● Information supplied

——

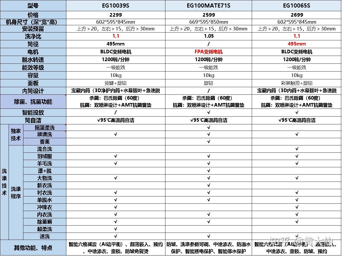 小结:性价比最高+清洁能力强的选EG10039S,对清洁能力要求不是特别高+搭载独家技术更丰富的选EG100MATE71S,清洁能力强+智能化程度高的选EG10065S。
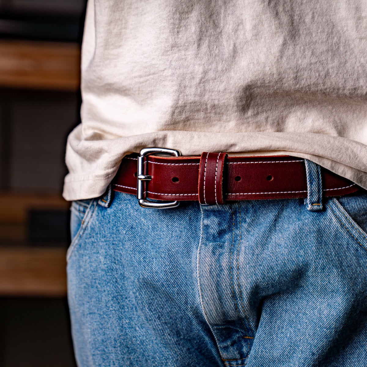 Nice sturdy leather with a good quality buckle, the perfect belt in my opinion. Don't waste your time on cheaper belt that cant handle the weight of loaded tool bags.
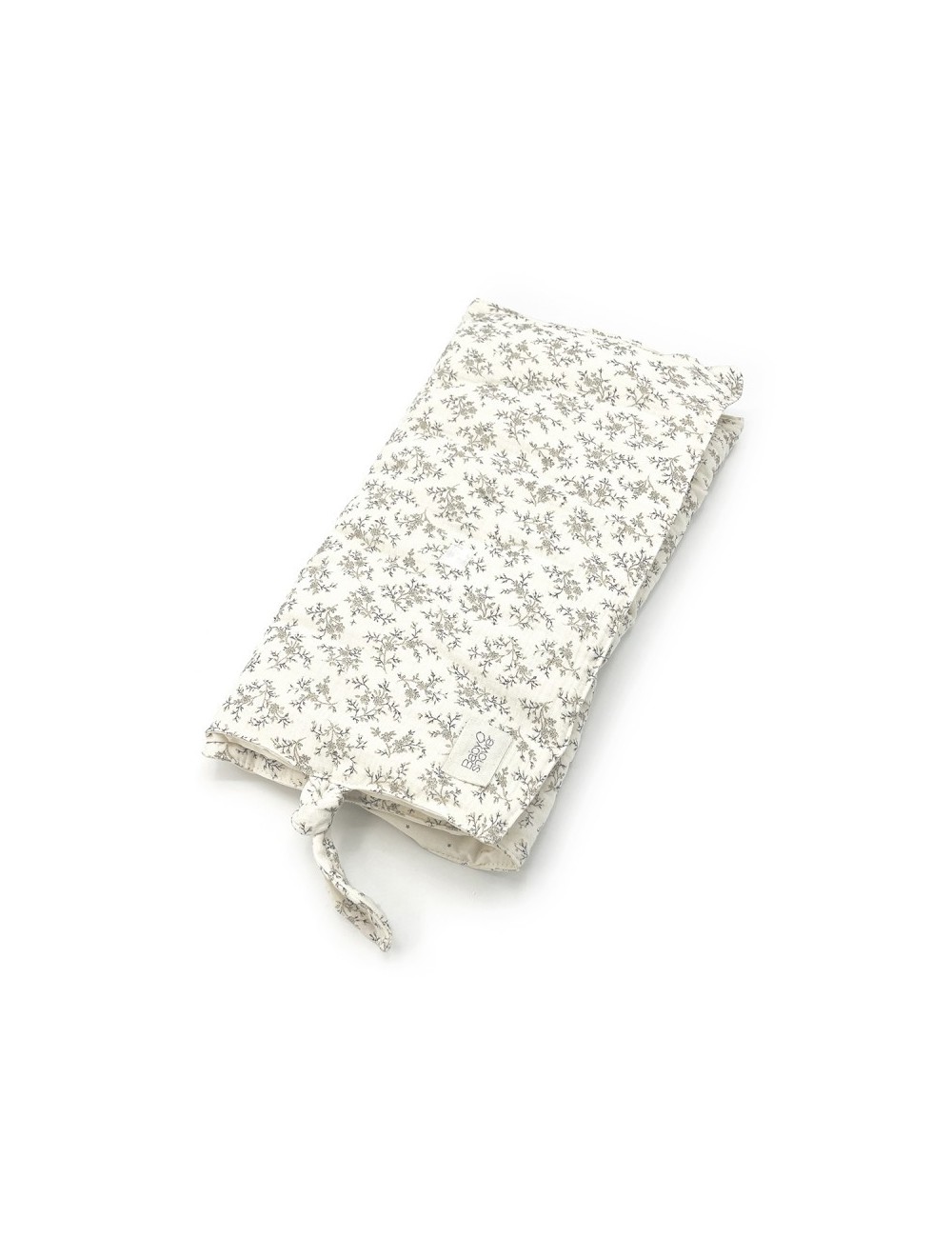 Tapis à langer nomade qui se garde enroulé dans le sac à langer. Intérieur en coton Bio induit. Fermeture avec lacet.

——

● Task brief
Output the full listing verbatim; pictures stay out.

● Response area
 小结:性价比最高+清洁能力强的选EG10039S,对清洁能力要求不是特别高+搭载独家技术更丰富的选EG100MATE71S,清洁能力强+智能化程度高的选EG10065S。
 Nice sturdy leather with a good quality buckle, the perfect belt in my opinion. Don't waste your time on cheaper belt that cant handle the weight of loaded tool bags.
 Tapis à langer nomade qui se garde enroulé dans le sac à langer. Intérieur en coton Bio induit. Fermeture avec lacet.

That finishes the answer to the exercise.